One of the bigger changes made in Knot Resolver 6 is the almost complete rewrite of its I/O (input/output) system and management of communication sessions.

To understand why this rewrite was needed, let us first take a brief look at the history of Knot Resolver’s I/O.

In the beginning, the Resolver’s I/O was really quite simple. As it only supported DNS over plain UDP and TCP (nowadays collectively called Do53 after the standardized DNS port), there used to be only two quite distinct code paths for communication – one for UDP and one for TCP.

As time went on and privacy became an important concern in the internet community, we gained two more standardized transports over which DNS could be communicated: TLS and HTTPS. Both of these run atop TCP, with HTTPS additionally running on top of TLS. It thus makes sense that all three share some of the code relevant to all of them. However, up until the rewrite, all three transports were quite entangled in a single big mess of code, making the I/O system increasingly harder to maintain as the Resolver was gaining more and more I/O-related features (one of the more recent ones pertaining to that part of the code being the support for the PROXY protocol).

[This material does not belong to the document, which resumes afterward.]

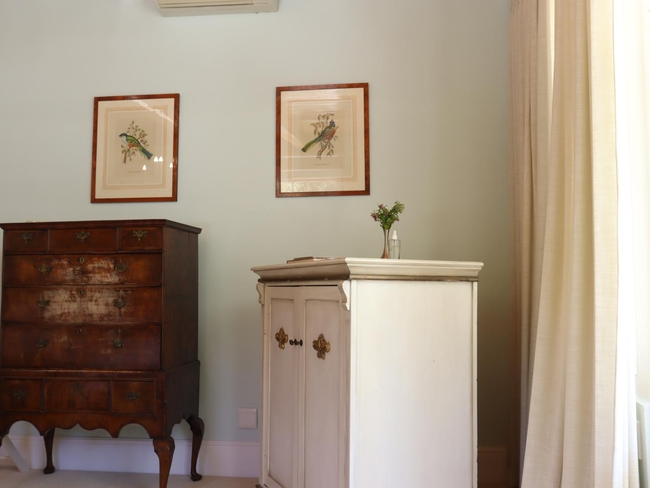 The free-standing thatched stone cottage dating back to around 1707 has been carefully restored and is ideal for honeymoon couples or guests seeking additional privacy. It is furnished with an extra-length King-size bed. The downstairs area consists of an open plan lounge and two bathrooms, one with shower and one with a jet bath. As it stands a short distance from the main house, the cottage offers a private minibar and satellite TV. The wooden staircase leads to the bedroom upstairs with a king size bed. A large, private patio overlooking the horse paddocks and forests completes the experience.

Another aspect that led to the decision to ultimately rewrite the whole thing was the plan to add support for DNS-over-QUIC (DoQ). QUIC is a special kind of beast among communication protocols. It runs on top of UDP, integrates TLS, and – unlike TCP, where each connection creates only a single stream – it can create multiple independent streams in a single connection. This means that, with only a single TLS handshake (which is a very costly part of any connection establishment routine), one can create multiple streams of data that do not have to wait for each other¹, which allows for theoretically very efficient encrypted communication. On the other hand, it also means that Knot Resolver was increasingly ill-prepared for the future, because there was no way the status quo could accommodate such connections.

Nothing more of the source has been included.